Provided records –
[Start of Attachment]
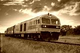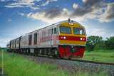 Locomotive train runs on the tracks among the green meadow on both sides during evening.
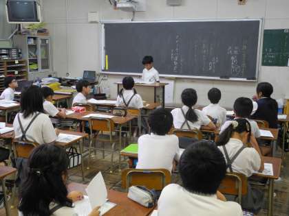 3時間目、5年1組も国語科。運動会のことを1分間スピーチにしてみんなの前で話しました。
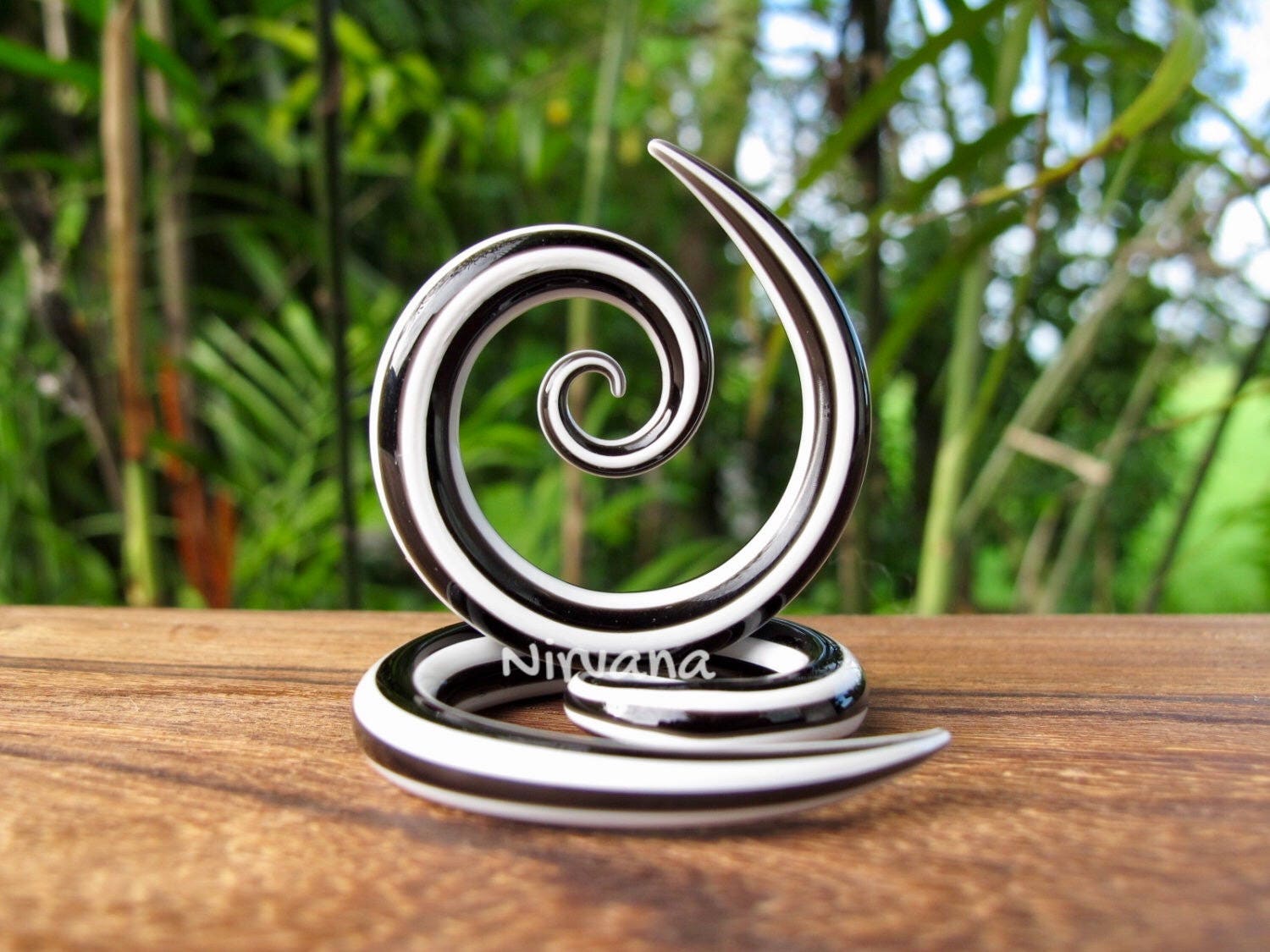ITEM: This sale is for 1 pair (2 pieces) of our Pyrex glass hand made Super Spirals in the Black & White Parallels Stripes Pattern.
[End of Attachment]
[Start of Attachment]
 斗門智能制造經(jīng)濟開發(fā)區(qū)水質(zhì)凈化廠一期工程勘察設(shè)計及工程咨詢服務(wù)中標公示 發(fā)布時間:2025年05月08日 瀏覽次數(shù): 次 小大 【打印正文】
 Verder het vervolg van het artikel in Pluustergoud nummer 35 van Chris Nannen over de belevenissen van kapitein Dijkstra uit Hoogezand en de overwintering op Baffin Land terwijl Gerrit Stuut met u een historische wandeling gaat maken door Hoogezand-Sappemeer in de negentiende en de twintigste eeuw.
[End of Attachment]
Work order –
In the records above, find the line with "Locomotive train runs" and the line with "ITEM: This sale"; please transcribe exactly those two lines and all lines between them, omitting any picture.

Answer section –
 Locomotive train runs on the tracks among the green meadow on both sides during evening.
 3時間目、5年1組も国語科。運動会のことを1分間スピーチにしてみんなの前で話しました。
ITEM: This sale is for 1 pair (2 pieces) of our Pyrex glass hand made Super Spirals in the Black & White Parallels Stripes Pattern.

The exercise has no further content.